In case you’re not good at math, that’s a total of 212
years of continuous marriage in our family.
Now, there’s a solid foundation for the grandkids to
build on. Wouldn’t
you agree?
How
have these people amassed these amazing numbers?
Maybe they were the lucky ones—you know, the ones who
never had any problems. Let’s
examine that:
One
set suffered seven miscarriages; one the death of their youngest
child at 12 years of age not to mention one spouse’s
deterioration into Alzheimer’s disease; one set had two children
diagnosed with cancer; one is now facing the cancer of one
partner; one moved far away from family in order to get started in
a business; one set had a child born three months early, spent two
full months in the hospital, and brought that child home happy and
healthy; and one has moved four times and had four kids in an
eight year span.
No,
“easy” doesn’t quite fit.
So,
what is their secret then? Having
lived around these people my whole life, I think there are many,
but here are a few that I’ve been able to tease out:
Their
relationships are founded on God’s love.
They trust God’s guidance in their lives and in the lives
of their family. They
hold fast to the trust that they place in one another, and they
respect the trust of the other person enough to behave so that
they don’t abuse the trust of their spouse.
Their priorities are:
God, each other, their children, themselves, family,
others. They believe
in the hope of tomorrow even through the storms of today.
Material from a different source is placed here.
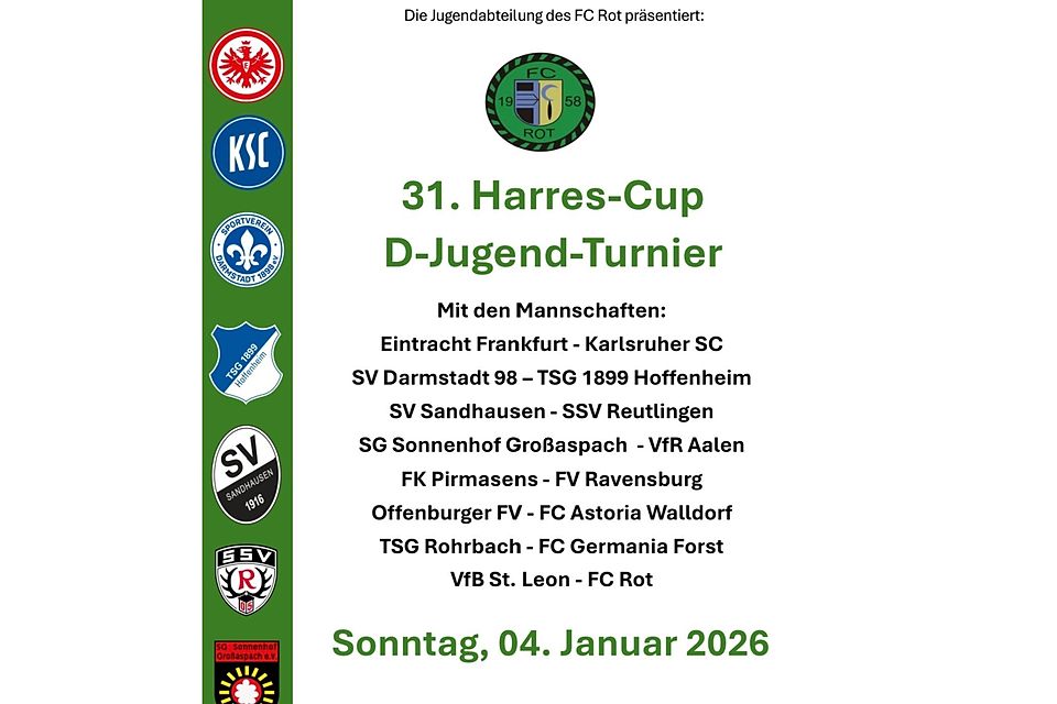Neben den lokalen Größen wie dem SV Sandhausen und dem FC Astoria Walldorf, sind auch wieder einige Hochkaräter mit von der Partie. Der Rekordsieger Karlsruher SC hat direkt um 9:30 Uhr das Auftaktspiel und versucht den 7. Turniersieg zu holen. Mit 1899 Hoffenheim und der Eintracht Frankfurt sind zwei Bundesligavereine am Start, die mit Sicherheit etwas dagegen haben werden. Doch auch viele weitere starke Vereine wie Darmstadt 98, Sonnenhof Großaspach, Reutlingen und Aalen sind dabei. Der Offenburger FV konnte bereits zwei Mal den Harres-Cup gewinnen und ist immer ein heißer Geheimtipp. Herzlich begrüßen wir auch den FK Pirmasens und den FV Ravensburg zum 31. Harres-Cup.

And when they said: “until
death do us part,” they meant exactly that.
The
rain descended and the floods came, and the winds blew, and burst
against that house; and yet it did not fall, for it had been
founded upon the rock.
--Matthew
7:25
That
was the gospel we chose to have read at our wedding, and the more
I think about it, the truer those words become for me.
As
an inspirational romance writer, these are the couples I have
grown up around, the couples I have watched, the couples who have
taught me how to be in a relationship and how to make not just a
marriage work but how to make a relationship work.
These are not people hanging on for the children’s sake.
They are people who truly love each other as much or more
now than they did when they got married.
No,
every day is not wine and roses, but they never bought into either
the myth that every day was supposed to be, nor the myth that once
you’re married, wine and roses is a thing of the past.
These are couples who cherish their relationship enough to
work on it and to trust its power to endure on a daily basis.
This is the kind of relationship I write about because in
truth this is the kind of relationship that I know.
I
wish everyone were so lucky, and yet I think of those couples now
married more than 60 years. Every
day of that 60 years they had a choice, and every day they chose
to cleave together, to trust God, and to find a way to make it
work. That’s a choice every single person now in a marriage
has—if they have the courage to choose that option.